Она зло засопела в темноте. Потом пробормотала:
– Ну, пустите же… Я устала и спать хочу.
– Стефания, – заговорил после недолгого молчания Штофреген, – мне вы можете верить. Я никогда не предам вас.
– И что с того? – шепнула она.
– То, что в трудную минуту разыщите меня, и я найду способ вам помочь.
– Ладно, – сказала она, зевая. – Так и сделаю. Вы отведете меня сейчас домой?
– Да.
– А еще лучше – отнесите, я спать буду.
Он поднял ее на руки и понес к дому Терентьевых-Капитоновых. Дорога из леса оказалась куда короче, чем дорога в лес, а девочка, мирно спящая на руках, казалась легкой, точно кошка. Скоро небольшая суматоха, поднятая возвращением Стефании, улеглась, окна погасли, и Штофреген остался на темной улице один. Это одиночество было для него веселым и желанным, и он, напевая под нос, бодро зашагал к казармам – навстречу выволочке и гауптвахте.
* * *
– Вы, Татьяна Николаевна, умеете лазить по деревьям? – спросил Штофреген, подавая своей спутнице руку, чтобы она не споткнулась в темноте парка.
Этот разговор происходил спустя почти месяц после бегства и поисков Стефании; Штофреген отбыл все свои дополнительные дежурства и даже сумел взять увольнительную на целых два дня. Татьяна Николаевна упросила отвести ее в то место, где была найдена Стефания. Верный обещанию не предавать доверия девочки, Штофреген ни словом не обмолвился насчет всех тех историй, которые она ему рассказывала. Впрочем, в присутствии Татьяны Николаевны вряд ли какая-то посторонняя мысль вообще могла посещать Штофрегена; он думал только о той, что шла сейчас рядом с ним.
Угадав в ее молчании улыбку, Штофреген сказал:
– Будь вы обезьянкой, мы бы с вами сейчас безопасно пробирались поверху, перескакивая с ветки на ветку.
Под его ногой хрустнул сучок.
– Осторожнее, здесь, кажется, яма… А вы любите обезьян? – спросила Татьяна Николаевна.

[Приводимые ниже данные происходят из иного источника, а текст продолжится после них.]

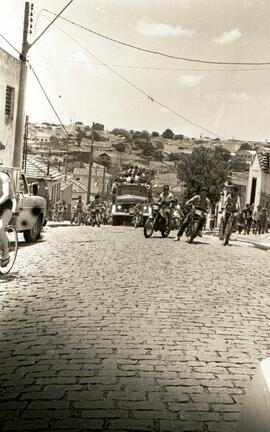 Na imagem, a delegação da Associação Desportiva da Unimep desfila pelas ruas de Piracicaba em um carro (caminhão) aberto do Corpo de Bombeiros.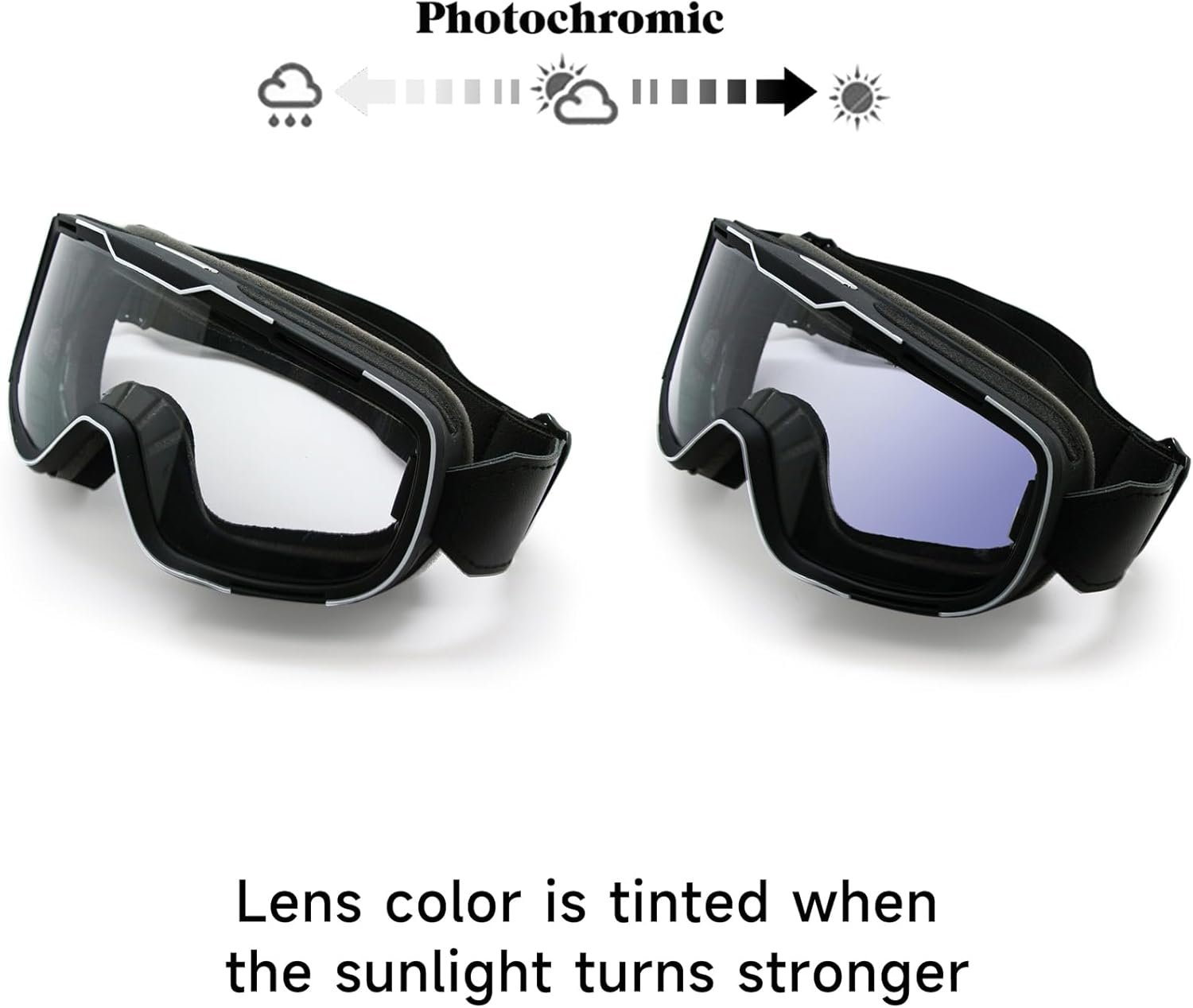 Photochromic Motorcycling Glasses Windproof Sports Sunglasses Helmet Compatible Scratch Resistant Anti-UV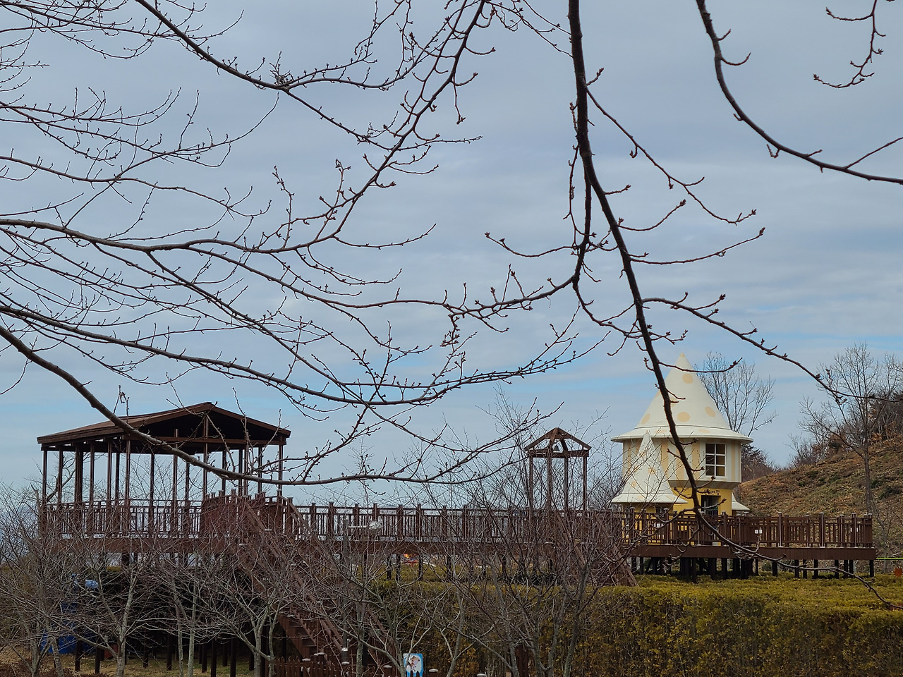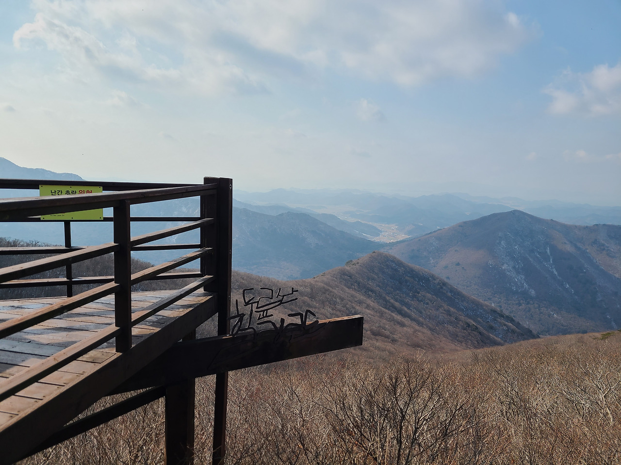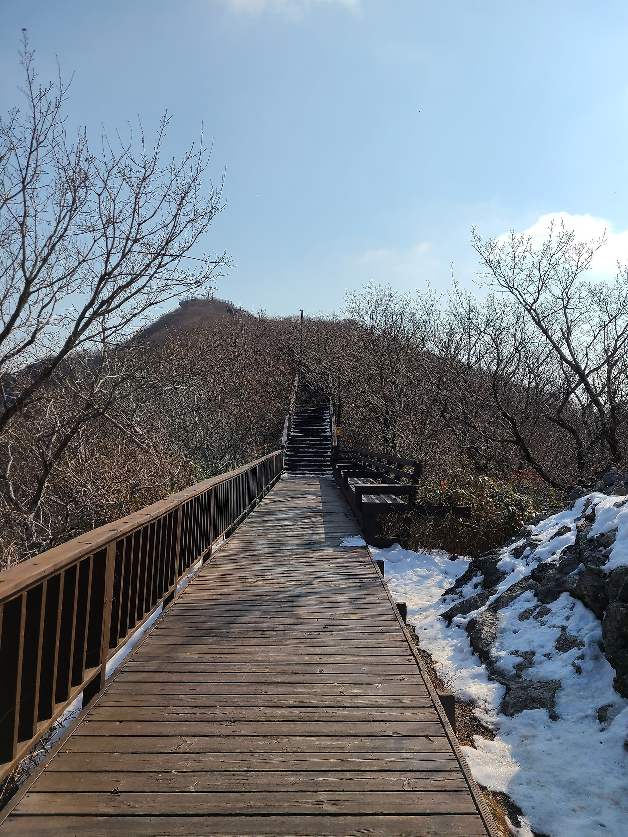 286개의 목재산책로 계단 오르다 뒤돌아서면 멀리 한반도 지도마을이 보인다. 앙상한 겨울나무 배경이 되지 않아서일까 계단 군데군데 마주치는 좋은 글귀들 선명하지 않아 아쉬움이 남는다.

– Обожаю! – с жаром ответил Штофреген.
– В таком случае вам бы стоило обратить больше внимания на Аннет… – заметила Татьяна Николаевна.
– Аннет? – Штофреген споткнулся и едва не рухнул в ту самую яму, о которой его только что предостерегали. – Господь с вами, Татьяна Николаевна, какая же она обезьяна? Обезьяны все прехорошенькие, и среди них много умниц, и они ценят доброту и силу, в то время как Аннет, насколько я успел заметить, предпочитает мужчин слабых и…

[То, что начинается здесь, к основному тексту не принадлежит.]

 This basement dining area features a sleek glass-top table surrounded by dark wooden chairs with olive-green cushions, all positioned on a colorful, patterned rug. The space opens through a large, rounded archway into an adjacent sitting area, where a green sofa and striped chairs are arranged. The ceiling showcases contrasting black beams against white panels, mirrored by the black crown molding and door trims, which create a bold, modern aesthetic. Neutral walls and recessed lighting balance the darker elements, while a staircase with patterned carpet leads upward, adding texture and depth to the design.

Узкая душистая ладошка быстро коснулась его губ и отдернулась, уколовшись о жесткие светлые усы.
– Нет, лучше уж молчите! – прошептала Татьяна Николаевна. – Вы злословите как девчонка!
– Это комплимент, – сказал Штофреген. – Никто не умеет злословить так замечательно, как девчонки! Да и вообще среди них встречаются чудесные экземпляры…

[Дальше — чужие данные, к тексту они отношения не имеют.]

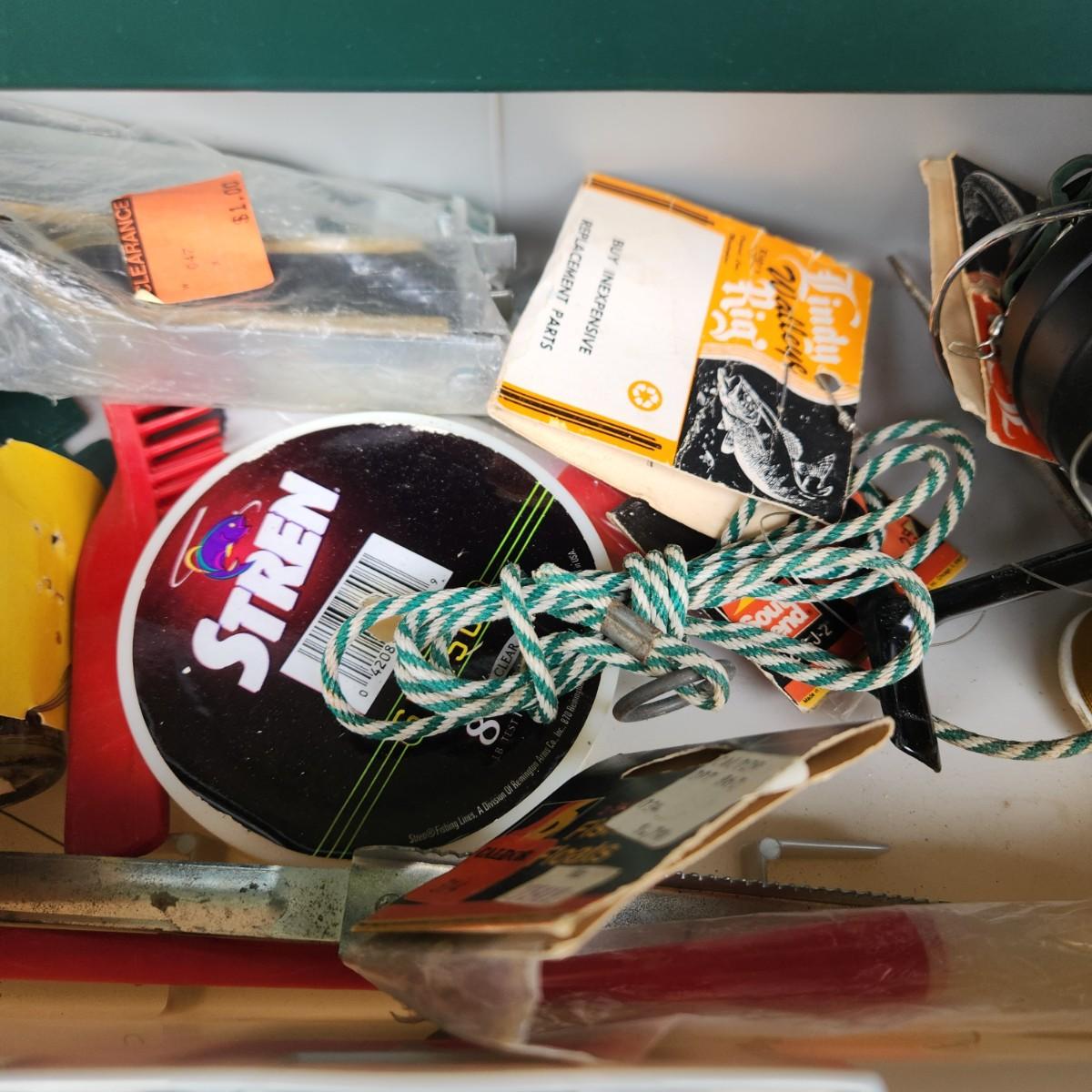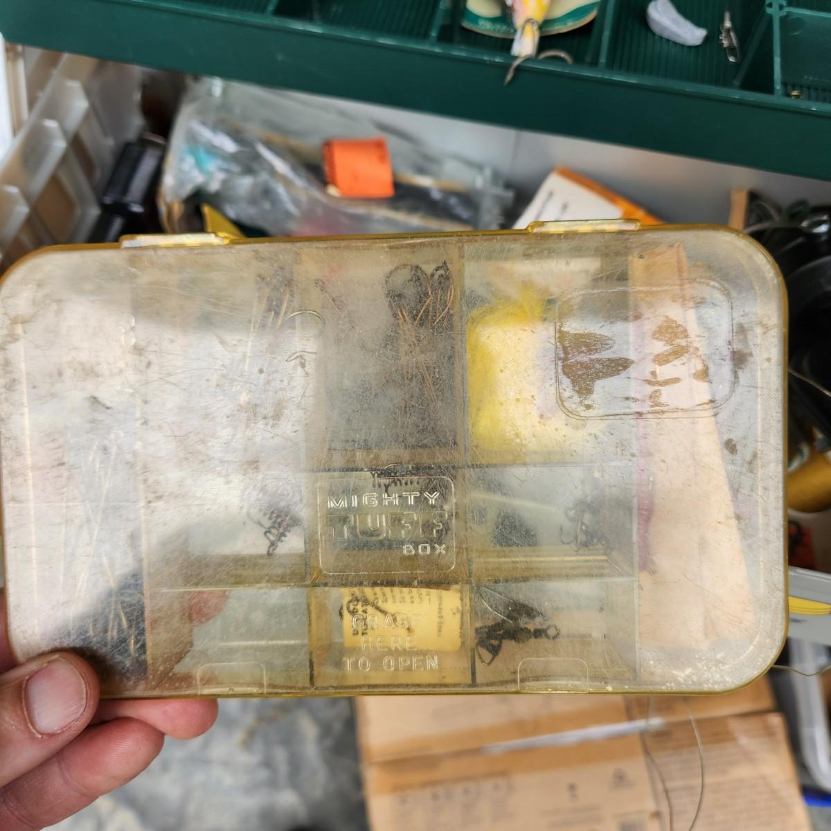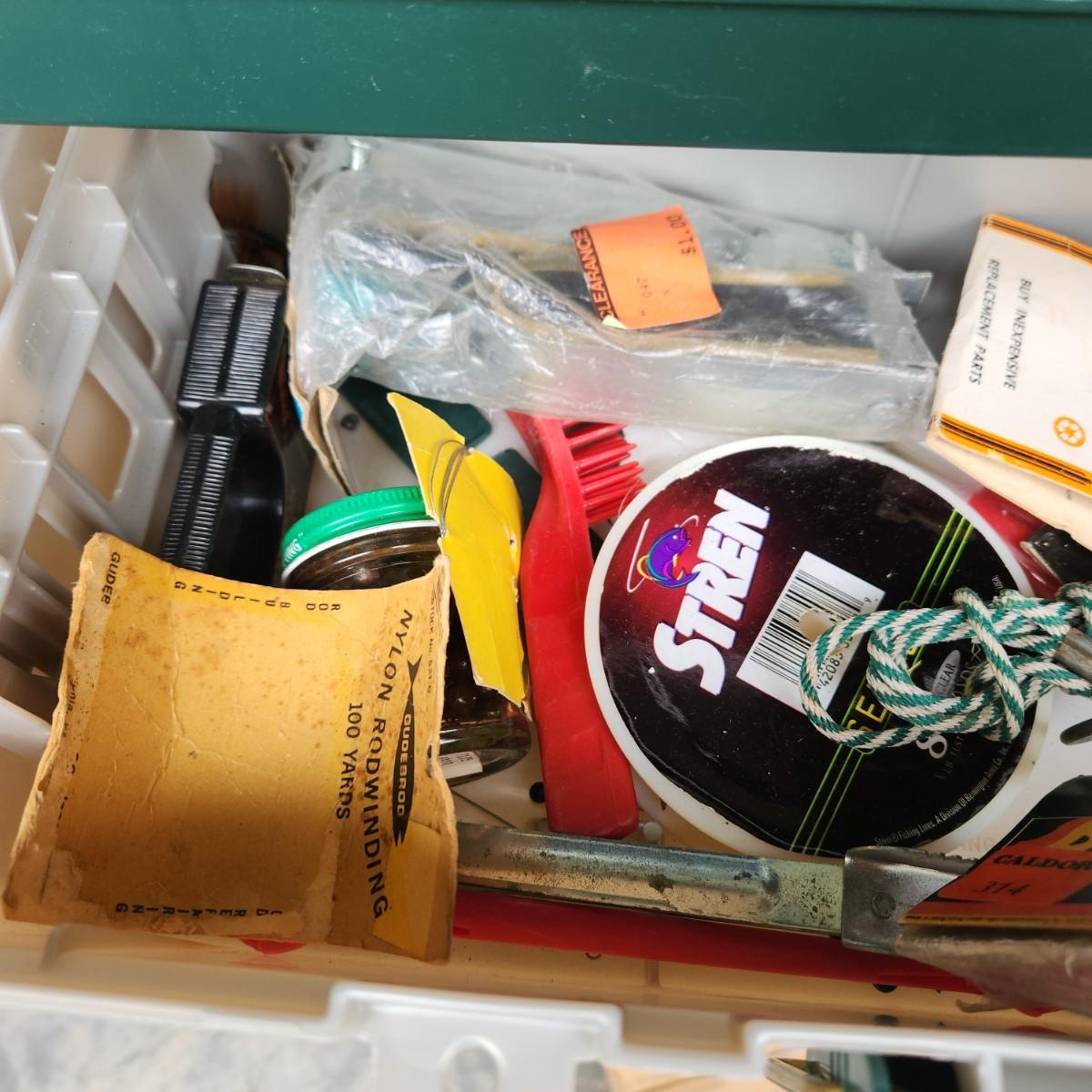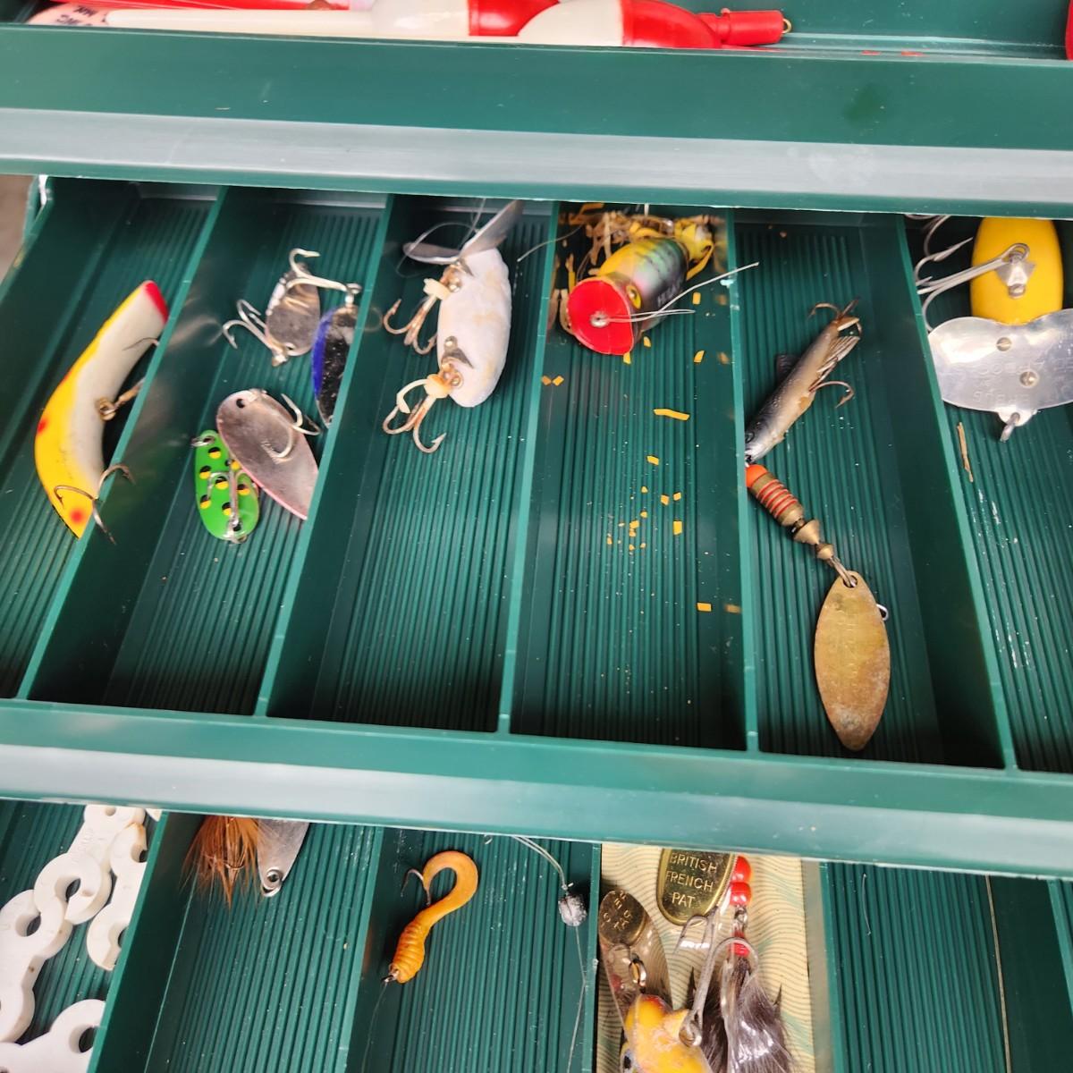 Plano Fishing Tackle Box with Contents Lures, Spinners, Bobbers

Он подумал о Стефании и улыбнулся.
– Я тоже люблю обезьян, – непоследовательно сказала Татьяна Николаевна.
Они остановились. В темноте ясно было слышно журчание невидимой воды. Перед ними, очевидно, простиралась канава.
Штофреген вынул из кармана фонарик и посветил. Деревья на другом берегу, вырванные из мрака маленьким желтым лучом, показались чужими, инопланетными. Штофреген погасил свет, возвращая мир в первозданную черноту.
– Здесь не пройдем, – сказал он. – Слишком широко. Вам не кажется, что мы заблудились?
– Дальше, по-моему, была переправа, – заметила Татьяна Николаевна, не отвечая на последнюю фразу.
Они двинулись вдоль канавы, ничуть не огорченные этой задержкой. Татьяна Николаевна говорила сперва о землянике, потом об отваре шиповника – что это гадость на вкус, а польза от него преувеличена гомеопатами и по большей части она только психологическая. Затем Татьяна Николаевна перешла к разбору книжки некоего современного автора и явила себя достойным потомком одного из ядовитых мемуаристов, прославивших род Терентьевых-Капитоновых.
Штофреген больше слушал голос и дыхание, нежели слова, и дважды был в этом уличен, особенно во второй раз, когда невпопад признался в том, что счастлив.
– Счастливы? – переспросила Татьяна Николаевна чрезвычайно строго. – И чем же вы счастливы? Тем, что господин Баландин написал дрянную книгу?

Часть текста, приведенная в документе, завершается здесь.